------ RECORDS SUPPLIED
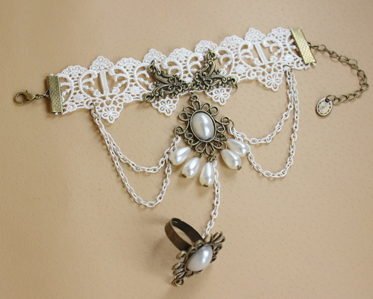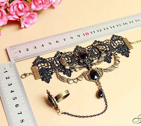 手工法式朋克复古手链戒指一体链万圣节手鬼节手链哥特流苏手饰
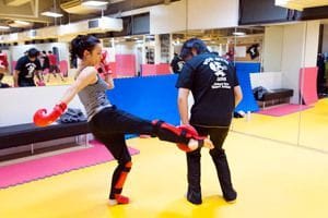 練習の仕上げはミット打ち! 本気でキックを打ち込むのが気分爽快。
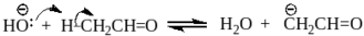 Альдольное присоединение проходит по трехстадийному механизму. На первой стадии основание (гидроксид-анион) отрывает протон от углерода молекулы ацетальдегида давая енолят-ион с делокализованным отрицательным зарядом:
------------
------ RECORDS SUPPLIED
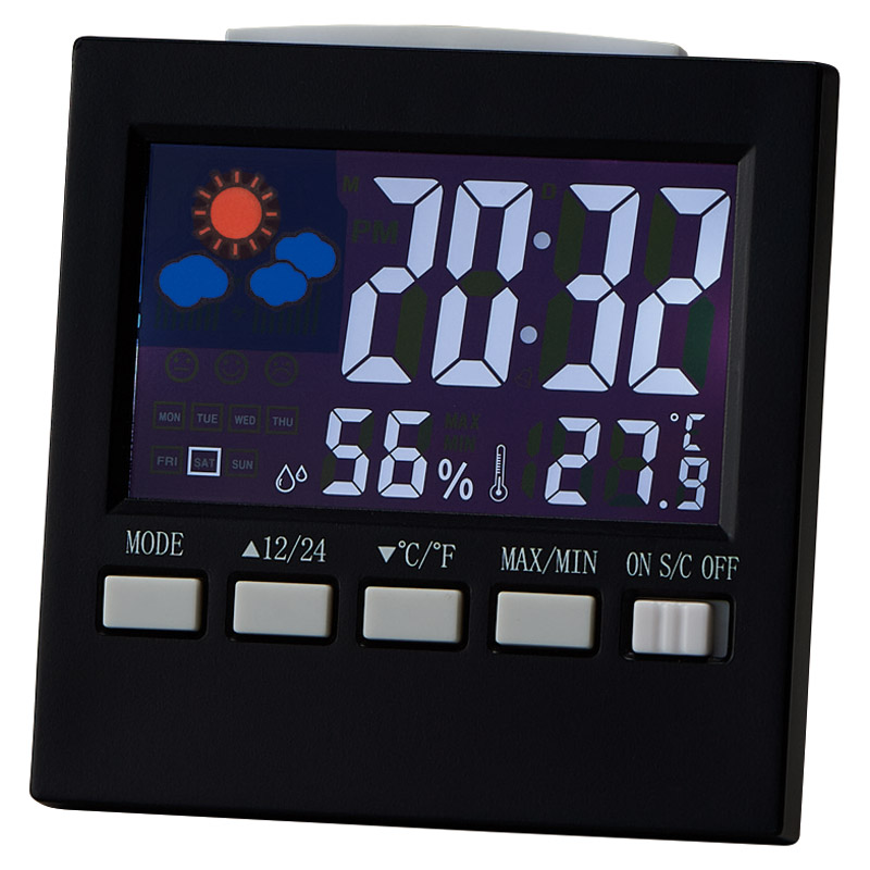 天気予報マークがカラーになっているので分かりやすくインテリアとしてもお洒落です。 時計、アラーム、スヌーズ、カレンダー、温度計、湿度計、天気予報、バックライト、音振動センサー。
------------
WORK TO COMPLETE —
Beginning with the line that contains "手工法式朋克复古手链戒指一体链万圣节手鬼节手链哥特流苏手饰" and ending with the line that contains "練習の仕上げはミット打ち! 本気でキックを打ち込むのが気分爽快。", reproduce the listing exactly, pictures excluded.

RESULT FOR THIS EXERCISE —
 手工法式朋克复古手链戒指一体链万圣节手鬼节手链哥特流苏手饰
 練習の仕上げはミット打ち! 本気でキックを打ち込むのが気分爽快。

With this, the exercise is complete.